Having a realistic understanding of what your dog needs will allow you to adjust your expectations about your dog.
Why did I get this book?
I got this book because it’s supposed to be all the jazz. It has been sitting on my shelf for quite some time, but I finally got around to chomping my way through it, because notes of hype kept popping up around me.
What does the book do?
The book introduces the L.E.G.S® model, which is a tool that helps us get an overview of our dog’s behaviour by taking into account learning, environment, genetics and self.
According to the book, the model is the first of its kind and it does a fine job of describing how the model works and how we as humans can work with it. Each part of the model is then broken down in the book and described in detail, on colour-coded pages I might add, because that is absolutely delightful. These pages are also filled with beautiful pictures, which makes reading it a pleasant experience. Most pages in this book are dedicated to genetics (approx 150/250 pages), and the genetics part of the L.E.G.S® model rearranges dog breeds into a new classification system based on the original purpose the dog was bred for. It also includes a section to street dogs (or World Dogs, as the model names them), which is a good section to include given the rise in street dogs brought into modern pet homes. Each breed group is introduced with a breed list and a short overview of what the dog is – and what it is not. Then we’ll be taken through the history of the breed which is, if you’re a history geek like me, intensely interesting before the chapter changes into descriptions of how this type of dog will fit into your modern pet home lifestyle, from puppyhood to adult life.
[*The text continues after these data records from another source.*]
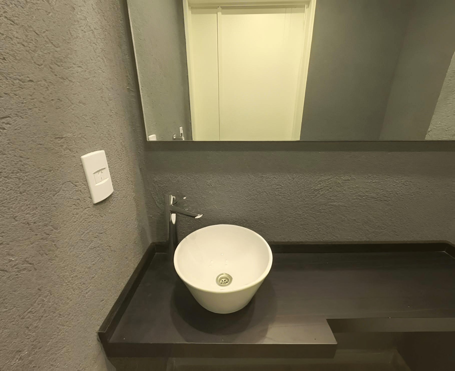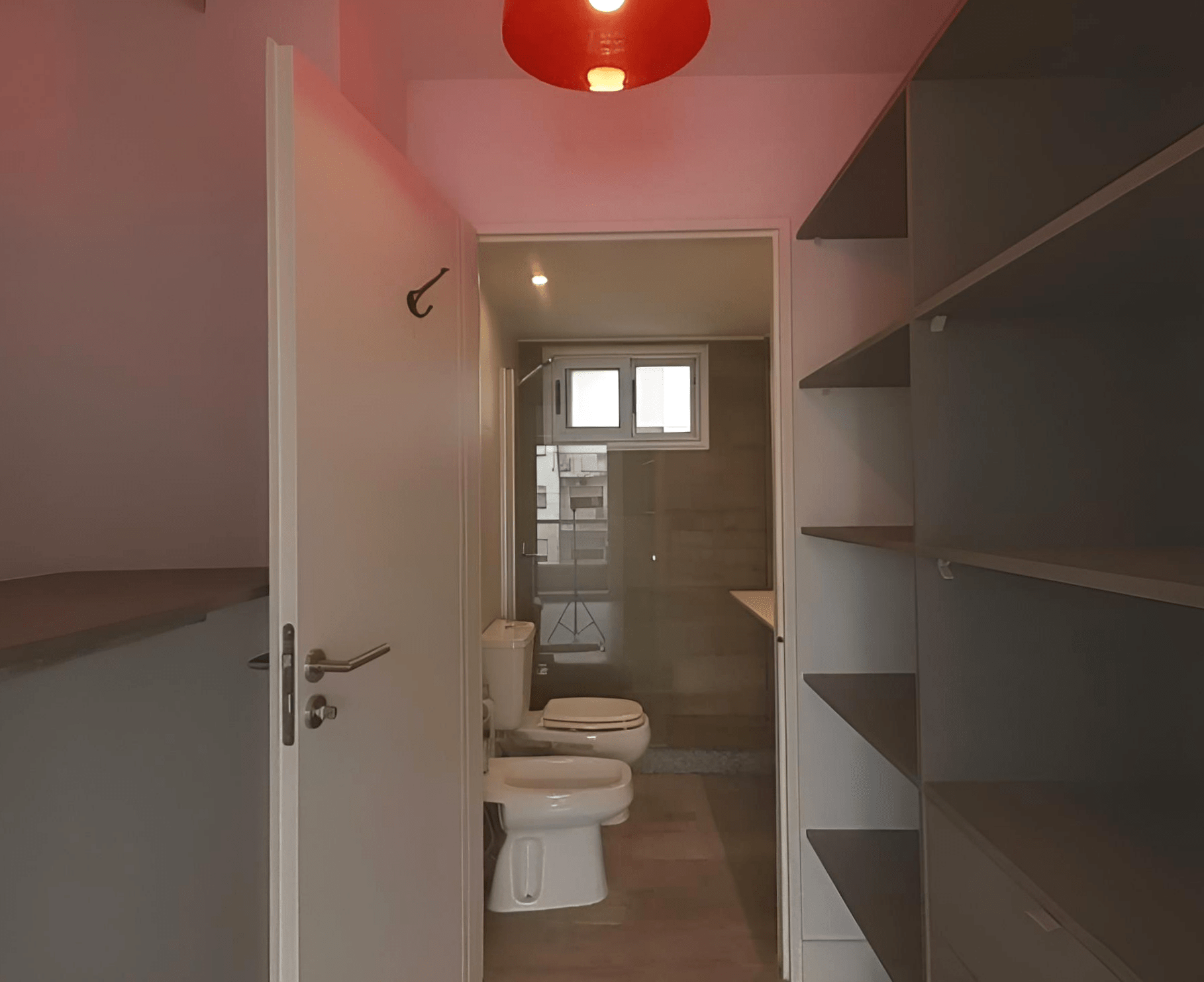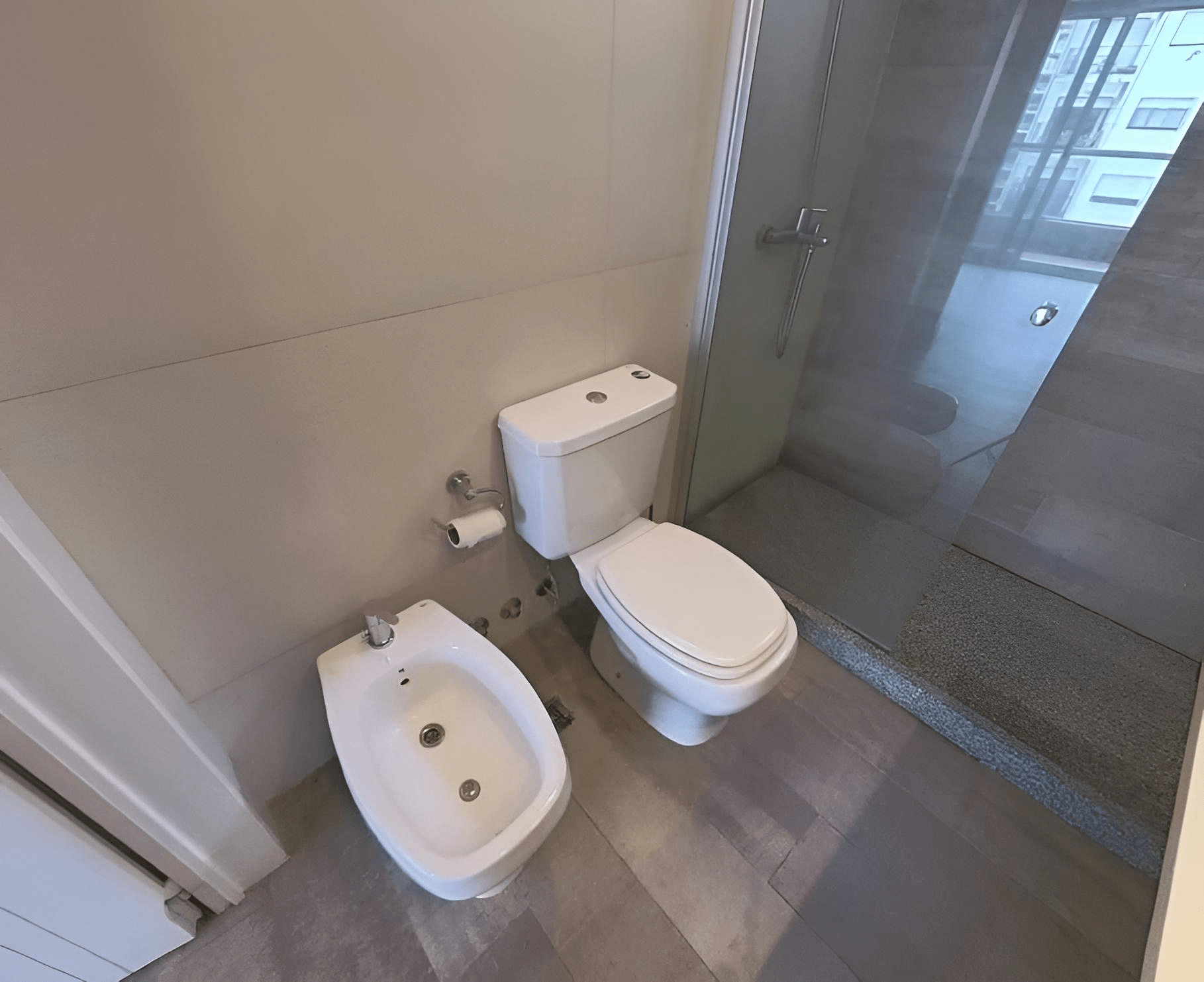 Posee dos baños: de rececpción y principal . El baño de recepción (1m x 2.7m) tiene mesada, amplio espero y sanitario. El baño principal (1.5m x 2.1m) tiene mesada de marmol, bacha, sanitarios completos, espacio ducha con mampara, espejo, Ventana al exterior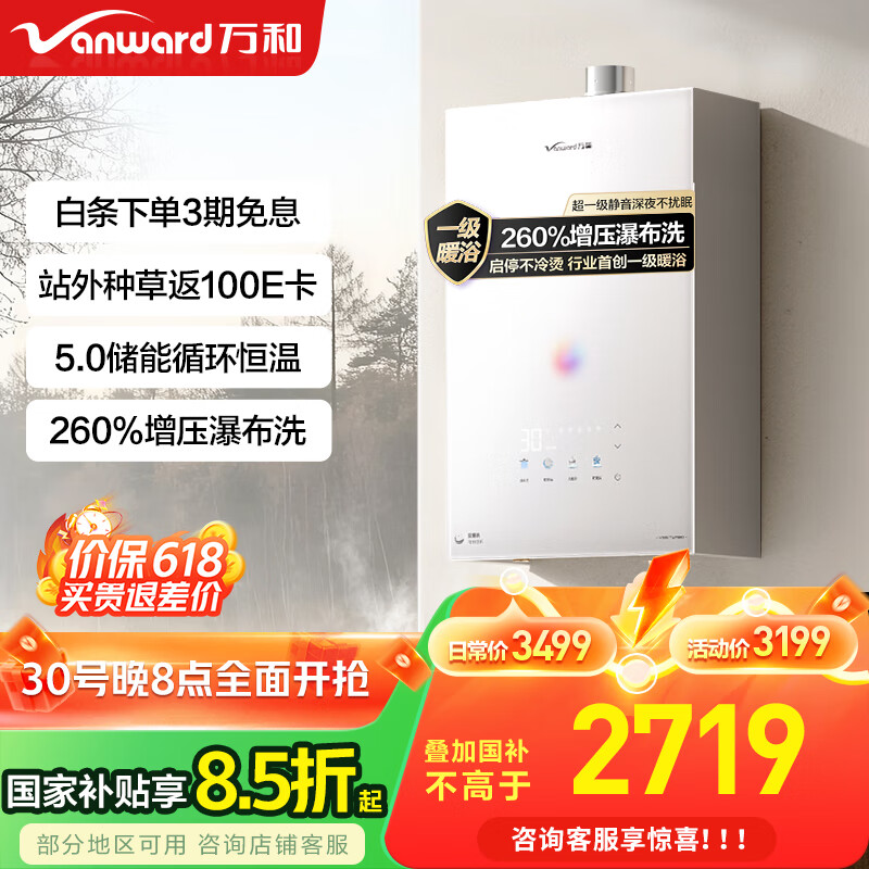 万和【安睡洗V9S系列】一级暖浴启停不冷烫一级节能静音增压瀑布洗16升燃气热水器下置变频风机 【一级暖浴增压款】V9S TURBO
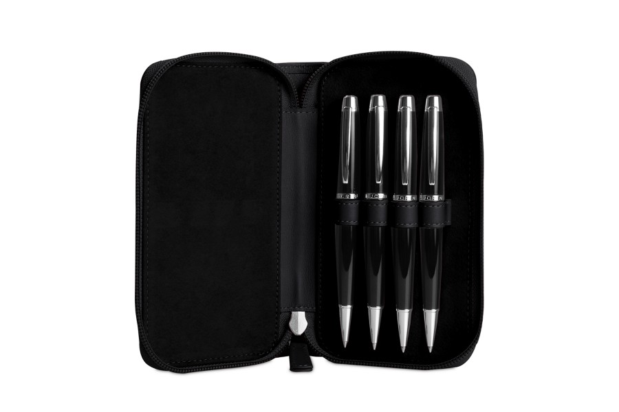Täschchen für 4 Füllfederhalter mit Reißverschluss - Schwarz - Glattleder
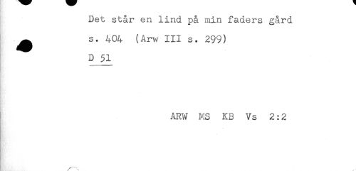 //// Det står en lind på min faders gård //// ^ s. 404 (Arw III s. 299) //// D 51 //// ARW MS KB Vs 2:2 //// A ////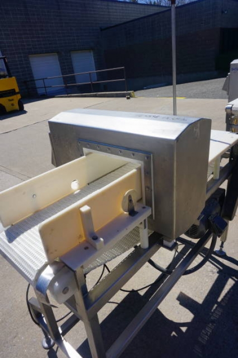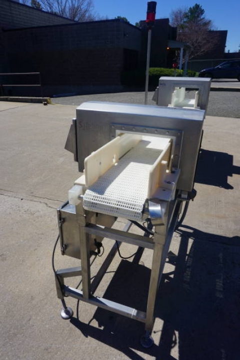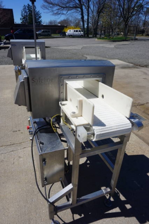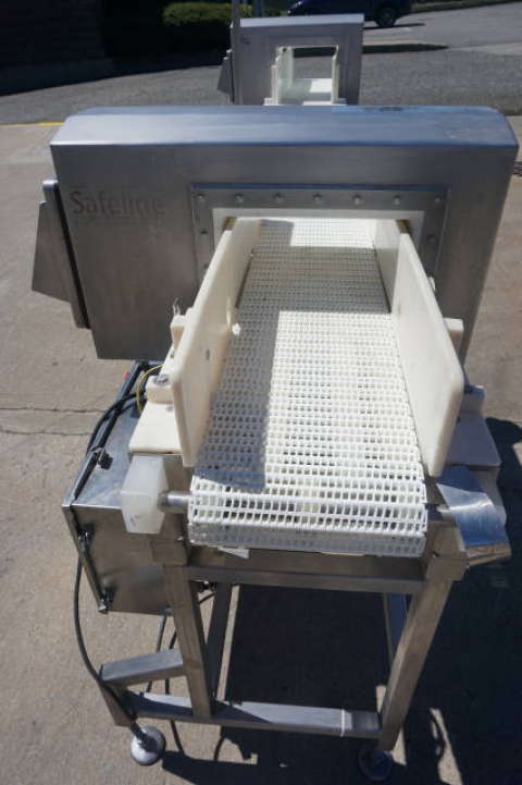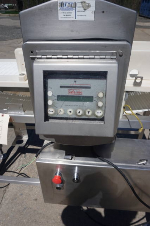 1-Pre-Owned Safeline Stainless Steel Conveyorized Metal Detector. Aperture measuring approx. 11-3/4 in. wide X 5-1/8 in. high. This Stainless Steel Metal Detector has stainless steel a pushbutton starter box and was last used in the potato processing industry. (Stock # 8277K)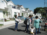 分譲地のコンセプトはハワイアンリゾート。街のストリートやコミュニティパークにはシンボルツリーとなるココスヤシ、そしてお庭には、ニオイシュロランをメインにたくさんの植栽が植えられリゾート感を演出しています。植栽剪定講習会は実際にご入居者様のお庭をおかりして開催。脚立を利用する高木の剪定方法など学ばれました。

The breed group chapters also include home-, public,- and personal life score charts to account for suitability in modern pet homes. These descriptions though, are highly generalised and feed into a general belief that dogs are no more than their breeding. Being a classification system of breeds, it is natural that the book spends most of its energy on the classification, but I have to say that I would have enjoyed for the Self-chapter to be more than a mere 4 pages squished into the back of the book because it fails to counter the number of sweeping generalisations and the notion of “unicorn dogs” in the genetics section when it’s reduced to a footnote. And a whole lot of people would also benefit very much from seeing beyond the breed when they look at their dog.
What does this book not do?
I must admit that while I found the breed chapters fascinating history-wise, I truly wish that the author would have refrained from adding specific training advice in the breed sections, as many of the “tips” given are old fashioned and likely to increase the very problem behaviour they’re suggested to solve due to scarcity, high frustration and excessive control setups.
It is also not exhaustive, which I find rather disappointing, even if the author herself mentions it on one of the very last pages.
This is because I feel that if you take a species such as the domestic dog and rearrange the breeds within it, it should really include all the breeds, otherwise it is half a system. I probably could live with just some of the obscure, rare Danish breeds being excluded because well, they are rare.
But it seems rather random which breeds are left out and included as you will find Swedish Vallhund and Belgian Tervuren in there, but not the Boston Terrier which is a rather common breed, or Danish-Swedish Farm Dog which is gaining popularity internationally.
So if you’re looking for general breed descriptions, you can pick up this book, but likely also a breed-specific book for your chosen dog breed. If you’re looking for solid training advice or material on how to live with dog individuals I would skip this book.
Where do I get this book?
I would say Amazon, but the book is currently close to being sold out. Local book stores may have some in stock still, so ask around. The price is around $35 for the hardback edition. It is also available on audiobook and while Amanda Ronconi does a wonderful job narrating it, you’ll miss out on all the wonderful colour pages and pictures. As far as I know, there is a new batch in the print, however, this will differ from the original first edition due to politics, so future prints will not include all the material you’ll find in the first edition.